The panel discussions we engaged in brought up some interesting ideas, many of which I wanted to delve further into.  Hamlet’s madness, which he himself proclaims to be a plot device, seems more central to the play than merely “he is or he is not.” Hamlet tells his friends that he will pretend to be mad. His act is extremely convincing, though. Is it really an act, or does Hamlet slip into madness during the play? In order to answer this question fully, we have to begin by operating with a functioning definition of what “madness” is. Merriam-Webster defines it two ways:

: a state of severe mental illness
: behavior or thinking that is very foolish or dangerous

In class, I asked whether Hamlet would be perceived as “guilty” of crimes or whether he should be forgiven, at least in part, because of circumstance and mental illness which could serve as a mitigating factor.  The panel was divided.  Raymond argued that Hamlet was justified while Olivia F. maintained that he was not. In my, perhaps overly empathetic view, Hamlet’s madness could have definitely served as a mitigating factor in removing charges against him in the murder of Polonius.  Under terms of law, Hamlet would fall under two mitigating factors: “Unusual Circumstance” and “Difficult Personal History.” Hamlet stabbed Polonius in frustration and believed it to be Claudius who killed his actual father.  The old saying “crime begets crime” comes to mind here.  In such unusual circumstances, madness can manifest itself in a variety of ways, either through violence or erratic behavior, and I wholeheartedly believe that Hamlet’s “madness” was more than just an act.

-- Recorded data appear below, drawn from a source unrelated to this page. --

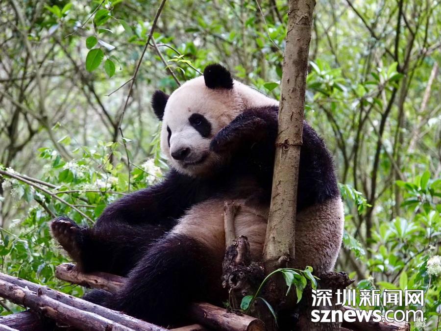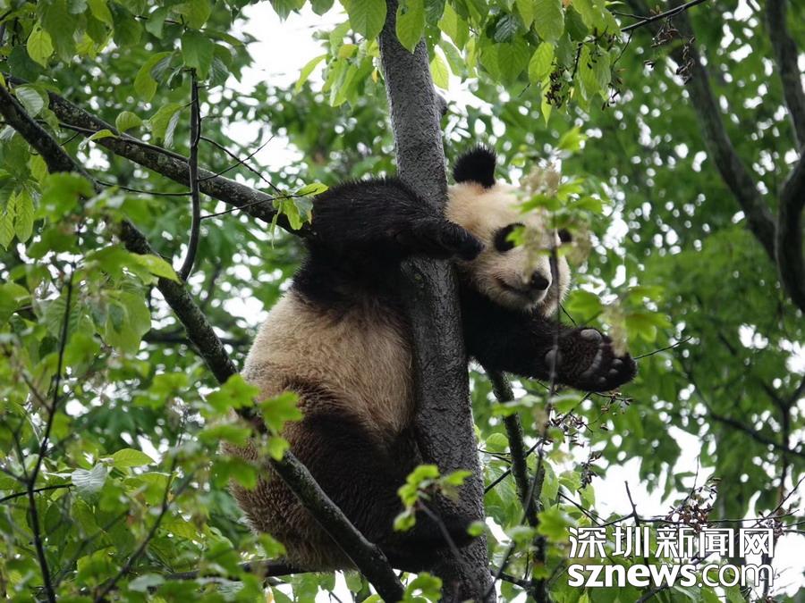 5月25日在中國(guó)大熊貓保護(hù)研究中心臥龍神樹(shù)坪基地的“熊貓幼兒園”內(nèi)拍攝的大熊貓。
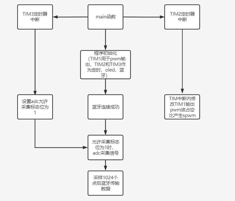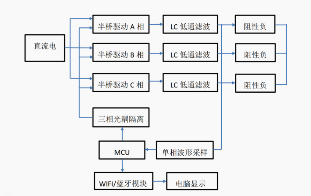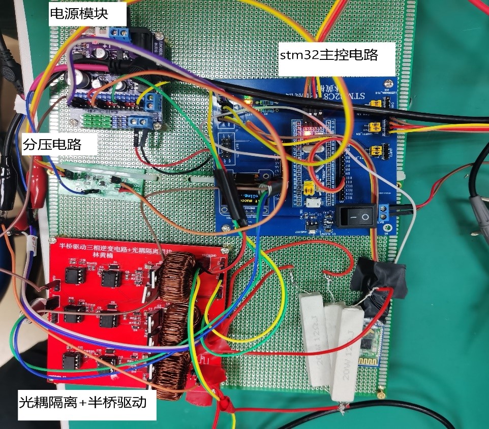 系统以STM32作为主控芯片,产生三相SPWM波并通过半桥驱动电路放大功率,经滤波后产生三相电,再通过STM32采集经前端衰减后的输出电压,通过蓝牙发送给电脑端上位机接收数据MATLAB进行谐波分析。
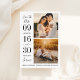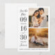 Modern and stylish wedding save the date announcement cards feature two square engagement photos with a typographic design that includes bold and elegant wedding date numbers with a simple monogram of the bride and groom names. Accented with Forever in script text. Classic black and white color scheme.
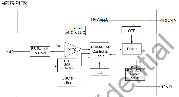 芯片耐压650 V,但Vcc LDO最大仅9 V,因此母线>18 V需外加9 V稳压管到Vcc,或辅助绕组供电。
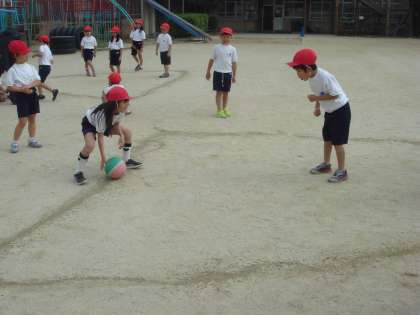 素早くころがし合って ボールを当てる姿が見られます。
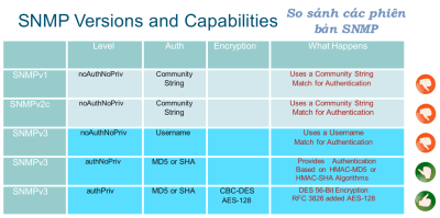 | v3 | authPriv | MD5/SHA | DES/AES | ✅ Tốt nhất – đầy đủ bảo mật |
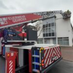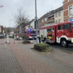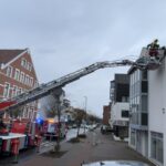 Am Giebel eines Geschäftshauses hatten sich Blechverkleidungen gelöst und drohten bei heftigen Windböen auf den nahen Fußweg oder die Straße zu fallen. Aus dem Korb der Drehleiter trennten Feuerwehrleute die Bleche mit Hilfe einer speziellen Säge ab. Danach seilten die Einsatzkräfte die Blechteile zum Boden ab, bis alle losen Teile entfernt und die Gefahrenstelle beseitigt war. Während des Einsatzes musste die Straße für den Verkehr gesperrt werden. Hierdurch konnten einige Busse die Haltestellen in der Gartenstraße und Nordstraße nicht anfahren.
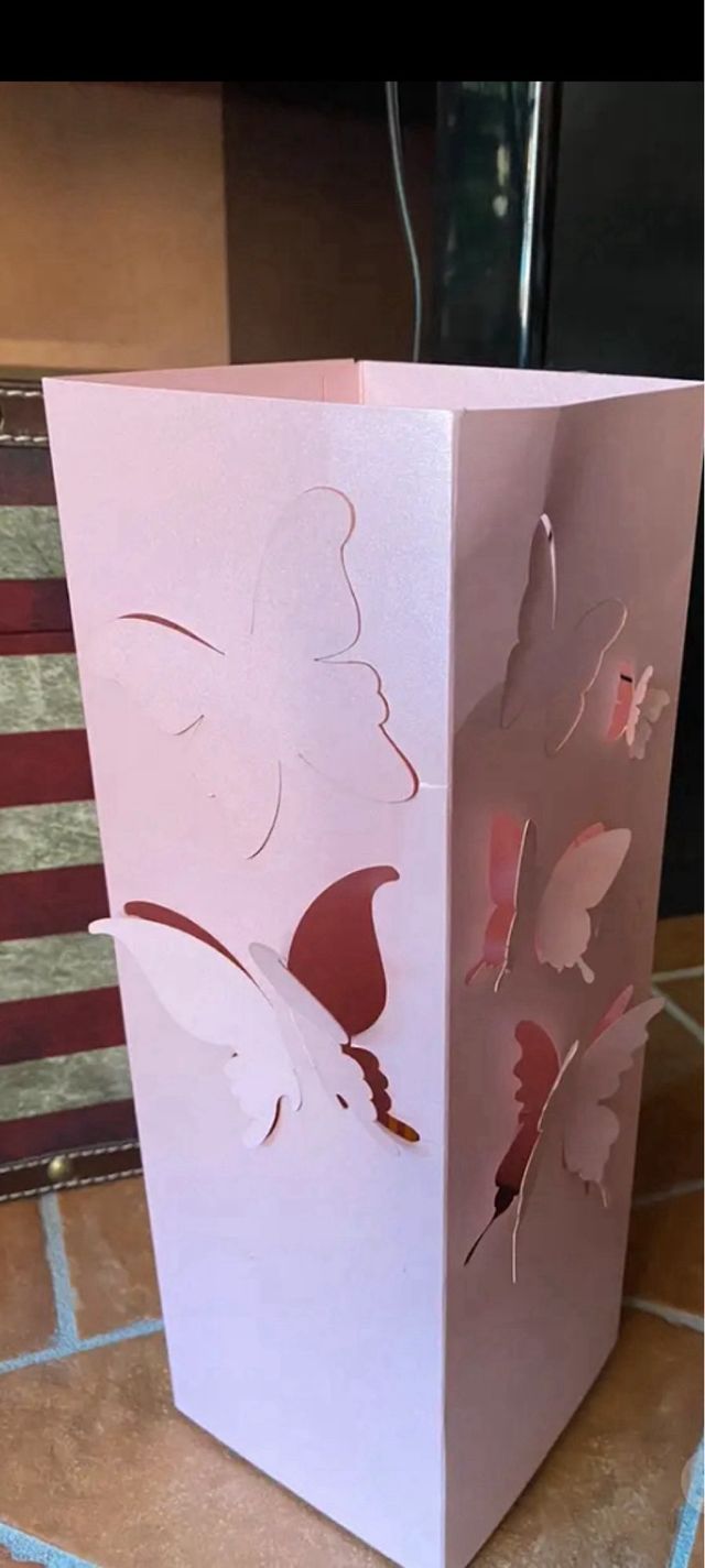 Lampada da tavolo rosa con farfalle
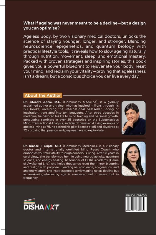 Ageless Body by Dr. Jitendra Adhia and Dr. Kinnari I. Gupta shatters everything you think you know about aging. Blending cutting-edge medical science with timeless spiritual wisdom, this book reveals how your thoughts, emotions, and habits can literally rewrite your biological age.

Hamlet’s madness, conveyed as a pseudo-mental illness, is manifest in his plans with which appear erratic and ill-conceived.  The panel mostly agreed that Hamlet was not mad, citing that he was very capable of rational thinking.  Most notabl(e)y (strumpet), they cited Act 2, scene 2 wherein Hamlet stated, “The play’s the thing wherein I’ll catch the conscience of the king”(II.ii.591-592). To point back to the Webster definition, it specifies that “madness” is also behavior that is “very foolish or dangerous.” People who are mad or mentally ill are capable of coming up with elaborate plots; in fact, most mass-shootings appear on the surface well-organized.  However, what makes the individual and his/her plot mad is the total lack of foresight over the outcome of the plot.  In this case, Hamlet was potentially exposing to Claudius that he was aware of his father’s demise.  This sets off a whole chain of events including Claudius’s attempt to send Hamlet off to England and the poisoning of the cup.  Similarly, “madmen” conduct mass-shootings but leave the evidence all over their hands, showing lack of concern over their potential criminal conviction. A similar lack of foresight becomes obvious when Hamlet has the opportunity to kill Claudius but resolves to find him “when he is drunk asleep, or in his rage, or in th’incestuous pleasure of his bed”(III.iii.89-91). Knowing full-well that his was his prime opportunity to murder Claudius with no one else around, Hamlet clearly shows that he is unable to fully execute the murder. Although foresight brings him to the conclusion that murdering Claudius while praying would send him to heaven, he neglects what he already knows which is that Claudius is an ill-intentioned individual. Perhaps the most frustrating part of the scene is when Claudius states, “My words fly up, my thoughts remain below: Words without thoughts never to heaven go”(III.iii.96-97).  Hamlet abandons his proper judgment regarding Claudius’s behavior.  Instead, he opts for”foolish” and “dangerous” behavior, allowing more time to pass and ultimately allowing his plot to fail.

Hamlet’s interactions with others appear to indicate legitimate mental-illness, one that seems to go beyond an act. Although the initial encounter between Hamlet and Rosencrantz and Gildenstern appears the most normal in the play, there remains some elements of mental uncertainty.  Hamlet remarks that “Denmark is a prison” (II.ii.239). Here we see traces of depression from Hamlet, which would not be significant except that Hamlet has no incentive to pretend to be someone else around R & G.  In essence, Hamlet is in his truest forms around these friends, and thus gives insight into his deepest emotions.  Remarking that Denmark is a prison is a benign statement that reveals is lack of emotional-soundness that motivates him to act erratically. To contrast this initial interaction with R & G later, Hamlet makes vague statements regarding the whereabouts of Polonius; Hamlet responds to their inquiries with, “the body is with the Kind, but the King is not with the body. The King is a thing—“(IV.ii.25-27). Hamlet plays into the idea kingship–articulating that Polonius is with the kingdom but not the physical King.  This bizarre phrase conveys Hamlet’s erratic thought process and his inability to properly illustrate Polonius’ whereabouts.  Hamlet had the wrong approach from the beginning.  Despite his insistence that his behavior was an act, exposing to Claudius that he knew his father’s condition unfolded his entire plan.  Had he been truly mentally sound, the decision to “act crazy” might not have been made at all.